Żyjemy szybko i umieramy szybko, jesteśmy przyzwyczajeni do „jednodniowych spływów kajakowych” i fastfoodowego żarcia i zapominamy o tym, że nasza droga z Bogiem to długi dystans a nie efektowny sprint.

Co działo się z Jezusem przez trzydzieści lat? W księgarniach możemy znaleźć na ten temat różne błyskotliwe wynurzenia literackie, o tym, że terminował u buddyjskich mnichów. Siedział w Nazarecie: ukryty, nieznany, nienarzucający się. Niewybiegający przed szereg. Przebywał z Ojcem, słuchał tego, w jaki sposób ma objawiać Jego chwałę „przechodząc dobrze czyniąc i uwalniając wszystkich, którzy byli pod władzą diabla”. Trzydzieści lat w ukryciu i „jedynie” trzy lata publicznej misji.

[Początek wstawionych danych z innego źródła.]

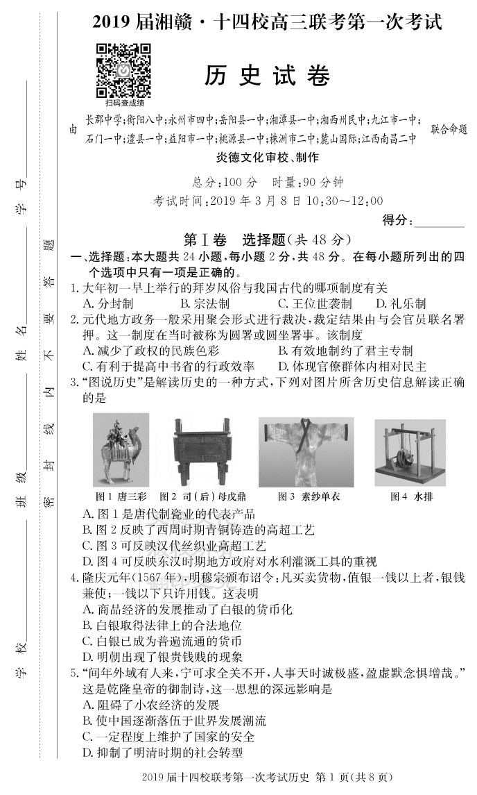 【歷史】炎德英才大聯考2019長郡中學高三7次月考(十四校聯考一)

Zanim Mojżesz przez czterdzieści lat prowadził Izraela przez pustynię, sam dokładnie tyle samo czasu spędził na tej wyprażonej przez słońce ziemi. Czterdzieści lat ukrywał się po zabójstwie Egipcjanina, by przez czterdzieści lat prowadzić lud wybrany do Ziemi Obiecanej. Czterdzieści lat oczyszczenia, przygotowania do służby? Kawał czasu.

Wszyscy moi znajomi, którym Bóg dał dziś wielką strefę wpływu na Kościół zaczynali w „zamkniętej izdebce”, wierząc, że Bóg, który widzi w ukryciu „odda im”. Powiem szczerze: o wiele bardziej fascynuje mnie ten czas „jałowy”, kiedy przez lata modlili się nad chorymi i… nie widzieli żadnych owoców niż dzisiejsze spektakularne konferencje czy ewangelizacyjne wojaże. To był papierek lakmsuowy weryfikujący ich wiarę. Ukryte miejsce, zamknięta izdebka, o której mówił Jezus. Miejsce, w którym wygrywa się bitwy.

Czas obumierania ziarna jest przygotowaniem na wielkie żniwo.